Perhaps Today Devotional |
Today's Devotional
WAITING FOR JESUS
So you received the message with joy from the Holy Spirit in spite of the severe suffering it brought you. In this way, you imitated both us and the Lord. As a result, you yourselves became an example to all the Christians in Greece. And now the word of the Lord is ringing out from you to people everywhere, even beyond Greece, for wherever we go we find people telling us about your faith in God. We don’t need to tell them about it, for they themselves keep talking about the wonderful welcome you gave us and how you turned away from idols to serve the true and living God. And they speak of how you are looking forward to the coming of God’s Son from heaven— Jesus, whom God raised from the dead. He is the one who has rescued us from the terrors of the coming judgment. 1 Thessalonians 1:6-io
THE INFANT church of Thessalonica was filled with former pagan idolaters who worshiped with the immoral rituals common to the Greco-Roman culture. After their conversion, these onetime pagans had begun to “serve the true and living God,” and were “looking forward to the coming of God’s Son from heaven.”
This is one of the many New Testament evidences that when any sinner comes to Christ, he or she begins a different way of life. So often contemporary Christians get it backwards. They try to change their way of life first to demonstrate their ability to become a Christian. Such attempts are futile. Without Christ, human beings can never stop sinning they lack the moral force to accomplish it. Then they become frustrated and disillusioned and sometimes completely reject Christianity and return to their former way of life.
The Bible is clear on this: First we must accept Christ by faith, and then, as He gives us the spiritual resources to change our way of life, we are enabled to do it. One of the best motivations to implement moral change is a strong belief in Jesus’ second coming. The apostle Paul was led by the Holy Spirit to teach these former pagans to anticipate Jesus’ coming. He taught them that Christ came into this world to seek and save the lost. He reminded them often that Christ had died sacrificially for their sins and was resurrected on the third day just as the Old Testament prophets had predicted. He taught them that they were to live waiting for Jesus to come again. This anticipation, said the apostle, would help them to turn from idols to serve the living God.

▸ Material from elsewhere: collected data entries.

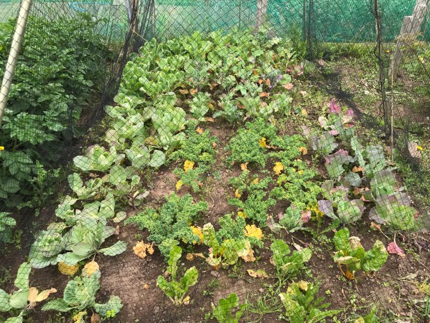 The brassica’s. Oh so much here. Cabbages both winter and summer and cauliflowers, kale and brussel sprouts, chard and broccoli and purple sprouting. It will thin out as the summer goes along as we eat the summer cabbages and the early cauliflowers.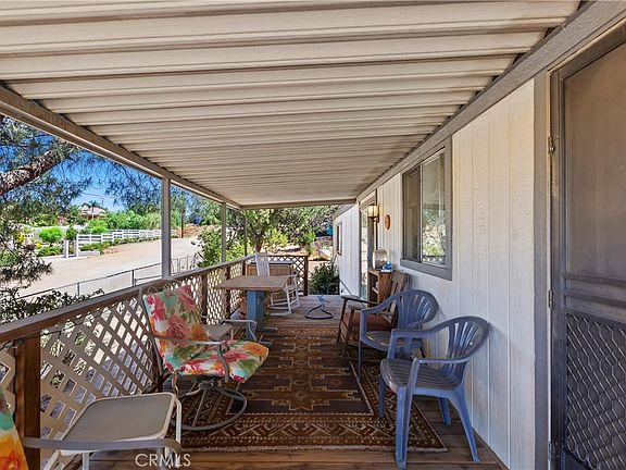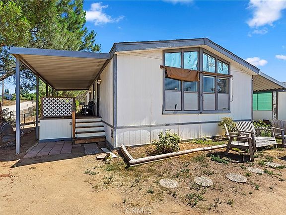 Discover the perfect blend of affordability and charm in Woodcrest, Riverside, CA! This must-see 2 bedroom, 2 bath manufactured home offers a spacious and private retreat on a large 31,363 sq ft. fenced corner lot. With 1,344 sq ft. of living space and a permanent foundation, this home ensures stability and comfort without breaking the bank. Step inside and be welcomed by the bright and airy living areas, flooded with natural light that creates a warm and inviting atmosphere. The well-designed floor plan seamlessly connects the living room, dining area, and kitchen, making it an ideal space for entertaining guests or enjoying cozy evenings at home. The kitchen boasts ample cabinetry and a convenient breakfast bar, providing functionality and style. As you prepare delicious meals, take in the picturesque views of the surrounding hills through the kitchen window, adding a touch of tranquility to your culinary experiences. The two spacious bedrooms provide a tranquil retreat, and the master suite features an en-suite bathroom for added convenience. Embrace the outdoors in the expansive fenced corner lot, providing ample space for outdoor activities, gardening, or simply basking in the sunshine. Additionally, the 720 sq ft. oversized detached garage offers abundant storage space or can be transformed into a workshop for your projects and hobbies. One of the highlights of this home is the breathtaking views of the surrounding hills, serving as a picturesque backdrop to your daily life. Imagine starting your day with a cup of coffee on the porch, or hosting gatherings in the backyard, where the beauty of nature is always within sight. Situated in the desirable Woodcrest area, this property offers a peaceful and rural suburban lifestyle while remaining conveniently close to schools, shopping centers, restaurants, and parks, ensuring easy commuting and access to amenities. Don't miss out on the opportunity to make this affordable manufactured home your very own. With its spacious lot, oversized garage, and captivating views, it presents a unique combination of comfort and serenity. Schedule your private tour today and envision the possibilities of living in Woodcrest, Riverside, CA!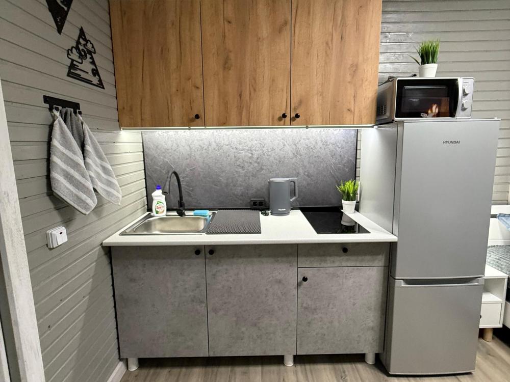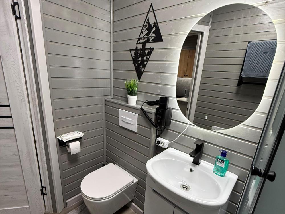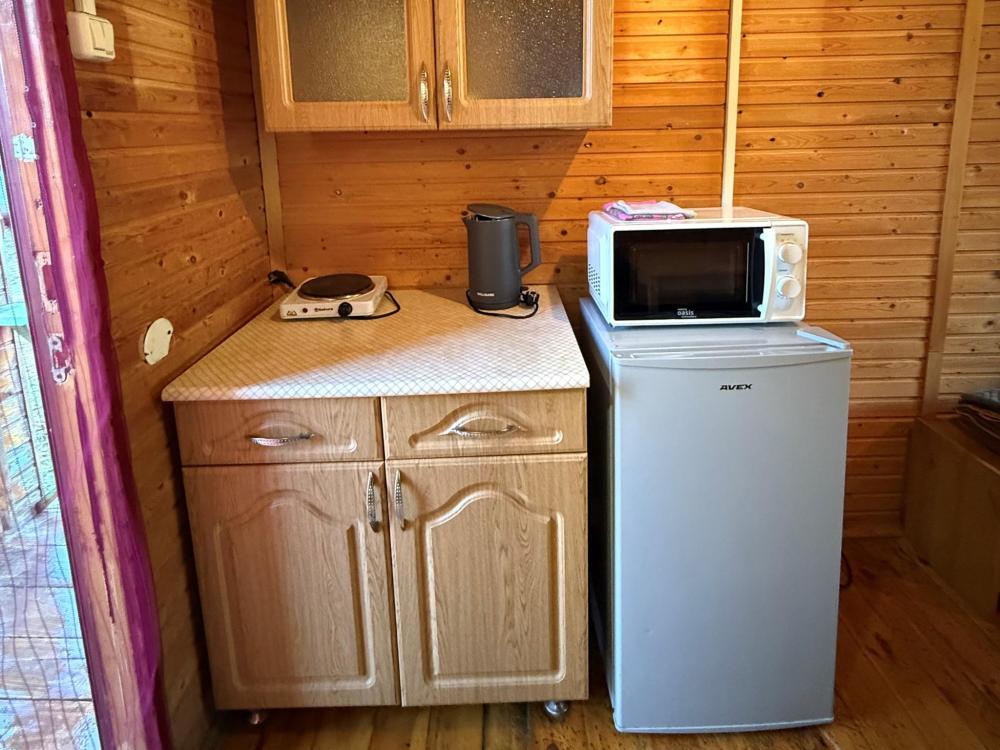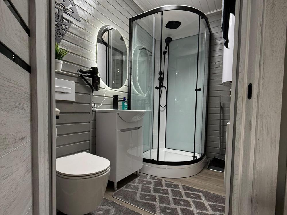 Полностью обновленный домик! Вся мебель, посуда, техника, бельё НОВЫЕ! Одна жилая комната с двуспальной кроватью, тумбочками, настольными лампами, телевизором, кухонной зоной с холодильником, электрическим чайником, двухконфорочной электрической плитой, микроволновкой и необходимой посудой, средством для мытья посуды. Санузел совмещенный, есть фен, зеркало с подсветкой, душевая кабина, электрическая сушилка для полотенец, мыло, коврики.

What was the manner of their waiting? This was no easy-chair passivity. Waiting is a discipline that demands a life of prayer and intentional study. Paul has already commended them for becoming “followers of us and of the Lord” (verse 6, NKJV). Further, he goes on to say, “You yourselves became an example to all the Christians in Greece. And now the word of the Lord is ringing out from you to people everywhere, even beyond Greece, for wherever we go we find people telling us about your faith in God. We don’t need to tell them about it” Evidently these new converts were energized with a second-coming zeal. This motivated them to preach the gospel to everyone in their area.

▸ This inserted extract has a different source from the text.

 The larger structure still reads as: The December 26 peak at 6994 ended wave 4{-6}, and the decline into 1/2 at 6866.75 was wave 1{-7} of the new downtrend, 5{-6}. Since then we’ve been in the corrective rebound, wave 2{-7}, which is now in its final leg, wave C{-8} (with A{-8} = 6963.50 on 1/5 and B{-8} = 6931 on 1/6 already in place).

I once saw this graphically illustrated in the lives of a young dentist and his wife. They accepted Christ in our church many years ago. I don’t recall any couple ever leading more unsaved people to Christ than these two. When I questioned this vibrant young man as to how he won so many, he replied, “Everyone I know is a pagan in need of Christ.”

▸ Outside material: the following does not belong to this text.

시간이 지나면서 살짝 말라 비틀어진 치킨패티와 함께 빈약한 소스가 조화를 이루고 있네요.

Later this evangelistic couple joined the Campus Crusade for Christ staff and served in the Churches Alive program. They spent the next thirty years teaching thousands of people how to share their faith in Christ Recently they began to read our Left Behind series and wrote to tell us how much they enjoyed the books. In the same letter, they reminded me that shortly after their conversion I had been teaching the book of Revelation on Sunday nights. The man freely admitted, “In those days, I must confess, I didn’t always understand what you were teaching even when my wife tried to explain it to me as we drove home from church. But one thing I did learn was that Jesus was coming and I had better get my house in order!”
Like the Thessalonians, this young couple had to totally change their lifestyle to “serve the true and living God.” Do they have any regrets? Certainly not. In the dentist’s letter he said, “It’s been a great life.” All through the years of my ministry I have never heard anyone complain that they had made a wrong decision in surrendering their lives to Christ. The reason is simple: The committed Christian life is the only meaningful way to live. And at the center of that meaning is the glorious hope of His coming.
Dear heavenly Father, I want to thank You for saving me and giving me direction in life. Without You I tend to scramble those decisions so important to my daily life. Thank You for all the promises of Jesus’ second coming. May they always motivate me to turn from the idols of my past and serve You, the living Lord of glory. In Jesus’ name, Amen.